- Your task
Print the listing below a second time, exactly, and omit its images.
Start of Information supplied
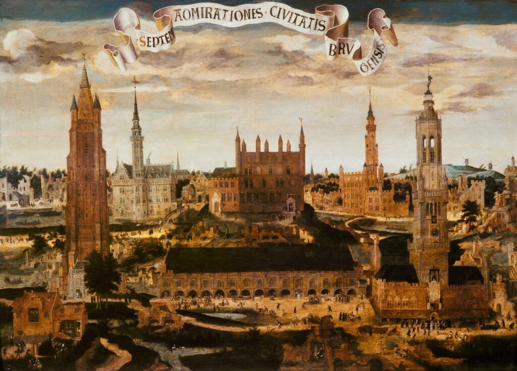 Ce tableau intitulé Les Sept Merveilles de Bruges, réalisé par Pieter Claeissens vers 1550/1560, le prouve. À l’époque, Bruges brille déjà par son architecture et ses bâtiments d’une grande richesse.
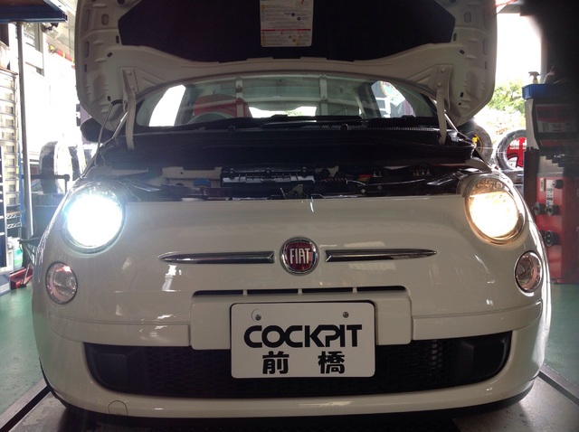 長年お付き合いのあるお客様のフィアット500に、スフィアLEDキット H7を取り付け致しました。
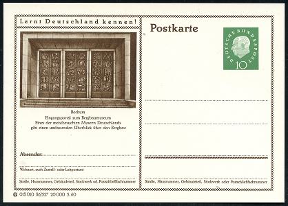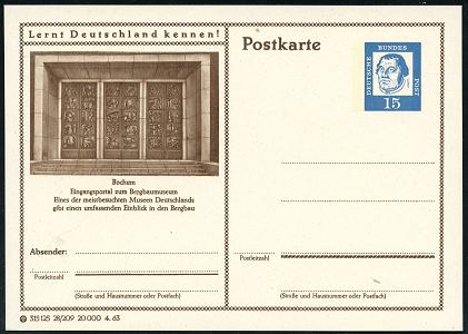 8124 | 15 € | 4630 Bochum allgem. Belege, Tagesstempel, Ganzsachen etc. : Bochum 1960/63 BiP 10 Pf. Heuss u. 15 Pf. Luther: Relief-Portal des Bergbaumuseums , je ungebr. (Einzelverkauf möglich: je 8.- EUR) 2 Belege (Mi.P 42, P 81) | ![]() ![]() | |
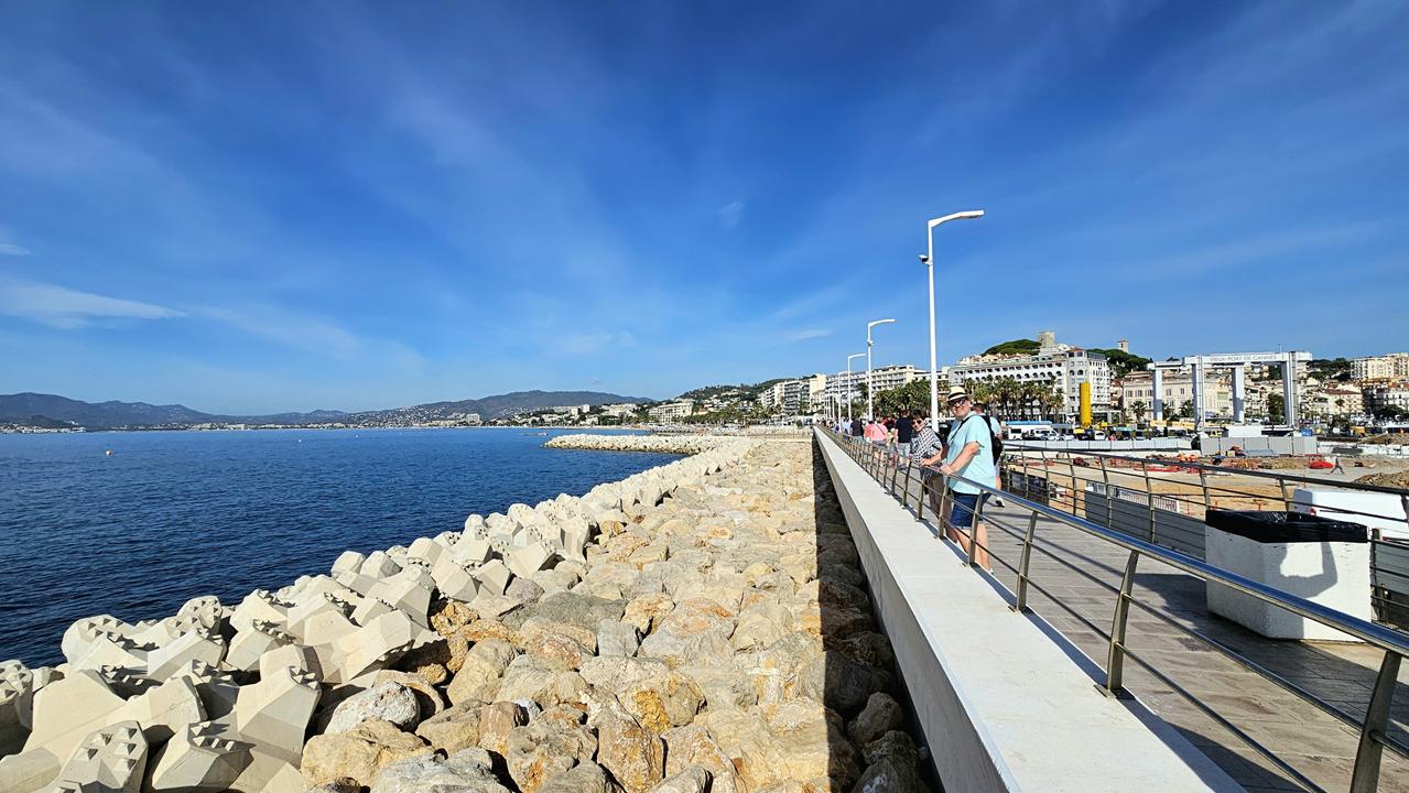 Gemütlich schlendern wir den Pier entlang, Richtung Altstadt. Unser Tender-Pier liegt im westlichen Teil des Hafens zwischen Quai Max Laubeuf und Quai du Large, nicht weit entfernt vom Hafen, der Altstadt und dem berühmten Palais des Festivals. Alles zu Fuß erreichbar und später einfach wieder zu finden 🙂 Perfekt!
End of Information supplied
- Exercise solution
 Ce tableau intitulé Les Sept Merveilles de Bruges, réalisé par Pieter Claeissens vers 1550/1560, le prouve. À l’époque, Bruges brille déjà par son architecture et ses bâtiments d’une grande richesse.
 長年お付き合いのあるお客様のフィアット500に、スフィアLEDキット H7を取り付け致しました。
 8124 | 15 € | 4630 Bochum allgem. Belege, Tagesstempel, Ganzsachen etc. : Bochum 1960/63 BiP 10 Pf. Heuss u. 15 Pf. Luther: Relief-Portal des Bergbaumuseums , je ungebr. (Einzelverkauf möglich: je 8.- EUR) 2 Belege (Mi.P 42, P 81) | ![]() ![]() | |
 Gemütlich schlendern wir den Pier entlang, Richtung Altstadt. Unser Tender-Pier liegt im westlichen Teil des Hafens zwischen Quai Max Laubeuf und Quai du Large, nicht weit entfernt vom Hafen, der Altstadt und dem berühmten Palais des Festivals. Alles zu Fuß erreichbar und später einfach wieder zu finden 🙂 Perfekt!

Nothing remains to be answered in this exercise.